Senior royal aide Jamie Lowther-Pinkerton said the princes “believe the broadcast of these photographs to be wholly inappropriate, deeply distressing to them and to the relatives of the others who died that night”.
In a letter to Channel 4 executive Hamish Mykura, he wrote: “If it were your or my mother dying in that tunnel, would we want the scene broadcast to the nation? Indeed, would the nation so want it?”
“These photographs, regardless of the fact that they do not actually show the Princess’s features, are redolent with the atmosphere and tragedy of the closing moments of her life.”
Diana died along with her companion Dodi al Fayed when the car driven by their chauffeur Henri Paul crashed in a Paris road tunnel while being chased by paparazzi on motorbikes.
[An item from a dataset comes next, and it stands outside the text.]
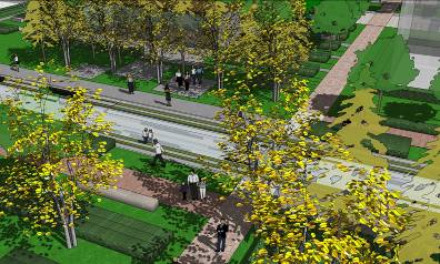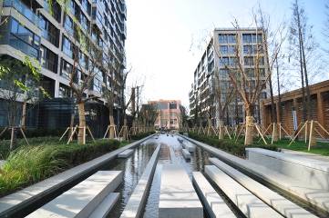 圖2 景觀效果圖 世博村整個(gè)社區(qū)注重國際多元化的個(gè)性風(fēng)格需求,在滿足各個(gè)地塊的性質(zhì)下將大社區(qū)的設(shè)計(jì)氛圍一體化是有需要慎重把握住設(shè)計(jì)尺度。要“個(gè)性”也需要“共性”,同時(shí)考慮臨時(shí)綠化的設(shè)計(jì)需要滿足世博會(huì)間高標(biāo)準(zhǔn)的使用要求,同時(shí)做好臨時(shí)綠化的投資造價(jià)控制避免過多的浪費(fèi)。同時(shí)D地塊中有大面積的屋頂綠化和斜坡覆土綠化、B地塊淺水渠的水質(zhì)循環(huán)和凈化,同時(shí)社區(qū)中保留和遷移了部分高大的喬木等一些技術(shù)問題也在項(xiàng)目之初得到了極大重視和考慮。考慮到社區(qū)內(nèi)水景造價(jià)問題,采用分時(shí)段水景概念,在保證每段水庭院都有永久固定小水景的前提下,對(duì)大面積水景考慮有水和無水的兩種景觀,將淺水池結(jié)合人的休憩停留的場(chǎng)地進(jìn)行趣味性的藝術(shù)處理。此方法將增加一些前期投入,但大大降低了后期的維護(hù)和管理費(fèi)用。池底的藝術(shù)化處理將給無水景觀帶來獨(dú)特的解決方法。 “村”概念的放大 世博村景觀強(qiáng)調(diào)打造“家園”“綠洲”“人文”“個(gè)性”的人性化居住社區(qū)。通過對(duì)住區(qū)環(huán)境的塑造,提升居住者對(duì)“村”的認(rèn)知感,“村”不是一幢樓,一套公寓,而首先是一片完整的社區(qū),一個(gè)美麗的“家園”。在高層、多層環(huán)抱的建筑圍合出的人工空間中創(chuàng)造出現(xiàn)代的生態(tài)綠洲,通過有機(jī)的組織,讓其自身成為一個(gè)可循環(huán)的生態(tài)環(huán)境,調(diào)節(jié)區(qū)域性的小氣候,讓人能最大限度的回歸自然,讓整個(gè)社區(qū)達(dá)到人與自然的和諧共生。每一個(gè)社區(qū)都將會(huì)創(chuàng)造出自己的“區(qū)域文化”,從項(xiàng)目開始策劃運(yùn)作,整個(gè)“人文”的創(chuàng)造就已經(jīng)開始,規(guī)劃設(shè)計(jì),建筑設(shè)計(jì),景觀設(shè)計(jì),是一步步地將文化的火種傳承并擴(kuò)大,甚至是一個(gè)系統(tǒng),并不停地延伸,國際性的社區(qū)是在開始之初就提出的概念。“個(gè)性”的創(chuàng)造是獨(dú)特并不代表著怪異,在吸收傳統(tǒng)景觀設(shè)計(jì)的前提下,以開放的眼界去創(chuàng)造出適合上海世博的景觀,使景觀成為世博村的另一個(gè)亮點(diǎn)與標(biāo)志。 居住理念的自然性和人工性

Paul was also killed.
The decision to make the letter public underlined the anger of the young princes who have constantly asked for their mother to be left to “rest in peace”.
But their pleas are falling on deaf ears in the lead up to the 10th anniversary of her death in August.
Last year, the princes criticized an Italian magazine for printing a picture from the crash.
“We feel deeply saddened that such a low has been reached,” the two princes said in a rare statement.
Milan-based magazine Chi defended its decision to run the photo, which showed Diana slumped and dying in the mangled Mercedes moments after it slammed into the tunnel at high speed.